[Collected data]
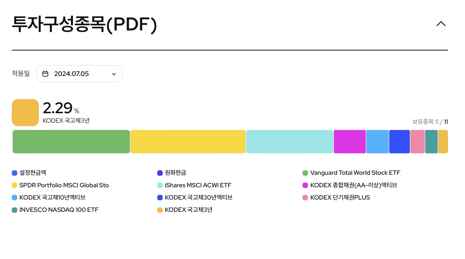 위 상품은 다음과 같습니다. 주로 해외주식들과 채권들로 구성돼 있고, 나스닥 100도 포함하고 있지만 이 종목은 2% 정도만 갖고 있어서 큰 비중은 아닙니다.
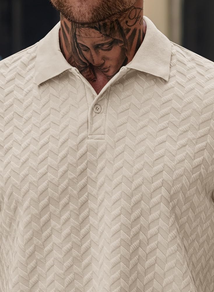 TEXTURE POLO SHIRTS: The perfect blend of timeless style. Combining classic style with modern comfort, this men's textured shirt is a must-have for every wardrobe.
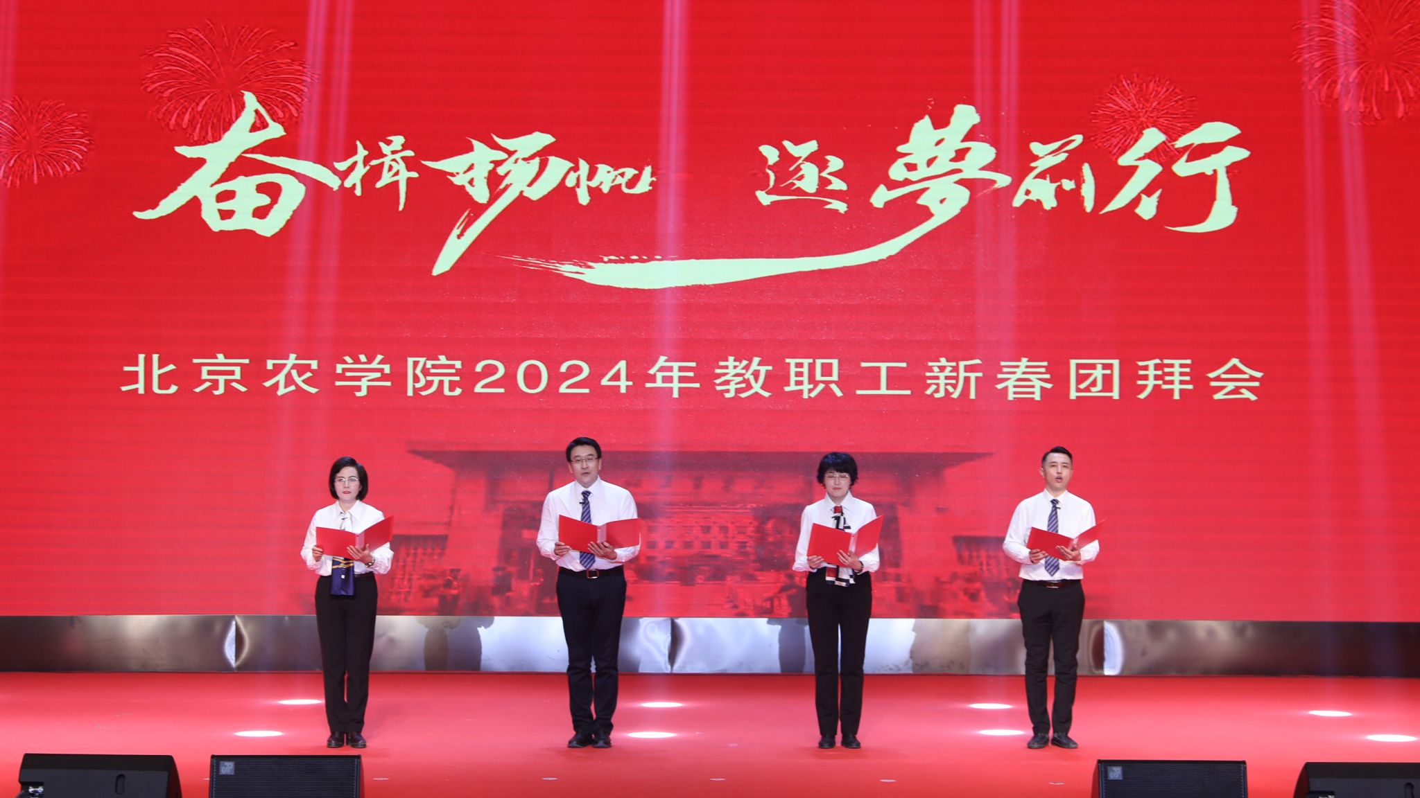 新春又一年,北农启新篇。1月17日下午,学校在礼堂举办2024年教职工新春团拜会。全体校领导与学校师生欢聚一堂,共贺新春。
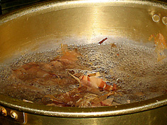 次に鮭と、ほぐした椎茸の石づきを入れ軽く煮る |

[Problem requirements] Only the lines from the one with "TEXTURE POLO SHIRTS: The" through the last line of the listing belong in your answer; copy them exactly and skip the pictures.

[Answer space]
 TEXTURE POLO SHIRTS: The perfect blend of timeless style. Combining classic style with modern comfort, this men's textured shirt is a must-have for every wardrobe.
 新春又一年,北农启新篇。1月17日下午,学校在礼堂举办2024年教职工新春团拜会。全体校领导与学校师生欢聚一堂,共贺新春。
 次に鮭と、ほぐした椎茸の石づきを入れ軽く煮る |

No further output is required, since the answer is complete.